Information provided.

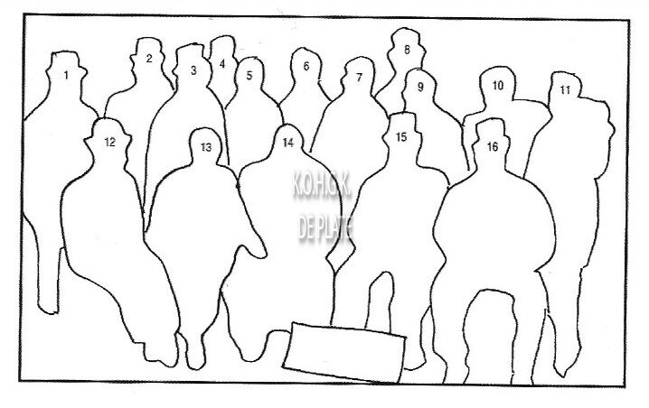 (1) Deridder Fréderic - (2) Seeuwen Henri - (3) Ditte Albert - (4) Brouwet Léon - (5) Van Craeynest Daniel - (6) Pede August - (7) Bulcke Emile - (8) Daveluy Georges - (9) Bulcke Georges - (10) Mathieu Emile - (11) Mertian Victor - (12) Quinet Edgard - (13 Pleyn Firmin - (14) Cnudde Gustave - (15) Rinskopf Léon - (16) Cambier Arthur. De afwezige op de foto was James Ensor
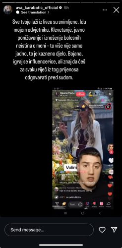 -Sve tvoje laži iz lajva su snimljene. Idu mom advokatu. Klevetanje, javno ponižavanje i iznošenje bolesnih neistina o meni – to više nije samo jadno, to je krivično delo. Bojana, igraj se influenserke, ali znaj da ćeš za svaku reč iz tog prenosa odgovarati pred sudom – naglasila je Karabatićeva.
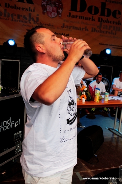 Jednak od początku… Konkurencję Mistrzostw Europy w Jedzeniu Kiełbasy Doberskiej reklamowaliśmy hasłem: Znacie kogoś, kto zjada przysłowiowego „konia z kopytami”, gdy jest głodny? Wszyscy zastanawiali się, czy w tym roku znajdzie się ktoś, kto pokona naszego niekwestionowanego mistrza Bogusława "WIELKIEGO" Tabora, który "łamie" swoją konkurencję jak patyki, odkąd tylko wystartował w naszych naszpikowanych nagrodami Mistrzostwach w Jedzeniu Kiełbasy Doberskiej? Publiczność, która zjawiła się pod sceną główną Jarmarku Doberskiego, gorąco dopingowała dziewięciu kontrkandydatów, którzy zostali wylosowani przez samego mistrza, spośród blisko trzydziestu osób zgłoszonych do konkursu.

Work item. Your copy should match the material above exactly, minus its pictures.

Solved problem.
 (1) Deridder Fréderic - (2) Seeuwen Henri - (3) Ditte Albert - (4) Brouwet Léon - (5) Van Craeynest Daniel - (6) Pede August - (7) Bulcke Emile - (8) Daveluy Georges - (9) Bulcke Georges - (10) Mathieu Emile - (11) Mertian Victor - (12) Quinet Edgard - (13 Pleyn Firmin - (14) Cnudde Gustave - (15) Rinskopf Léon - (16) Cambier Arthur. De afwezige op de foto was James Ensor
 -Sve tvoje laži iz lajva su snimljene. Idu mom advokatu. Klevetanje, javno ponižavanje i iznošenje bolesnih neistina o meni – to više nije samo jadno, to je krivično delo. Bojana, igraj se influenserke, ali znaj da ćeš za svaku reč iz tog prenosa odgovarati pred sudom – naglasila je Karabatićeva.
 Jednak od początku… Konkurencję Mistrzostw Europy w Jedzeniu Kiełbasy Doberskiej reklamowaliśmy hasłem: Znacie kogoś, kto zjada przysłowiowego „konia z kopytami”, gdy jest głodny? Wszyscy zastanawiali się, czy w tym roku znajdzie się ktoś, kto pokona naszego niekwestionowanego mistrza Bogusława "WIELKIEGO" Tabora, który "łamie" swoją konkurencję jak patyki, odkąd tylko wystartował w naszych naszpikowanych nagrodami Mistrzostwach w Jedzeniu Kiełbasy Doberskiej? Publiczność, która zjawiła się pod sceną główną Jarmarku Doberskiego, gorąco dopingowała dziewięciu kontrkandydatów, którzy zostali wylosowani przez samego mistrza, spośród blisko trzydziestu osób zgłoszonych do konkursu.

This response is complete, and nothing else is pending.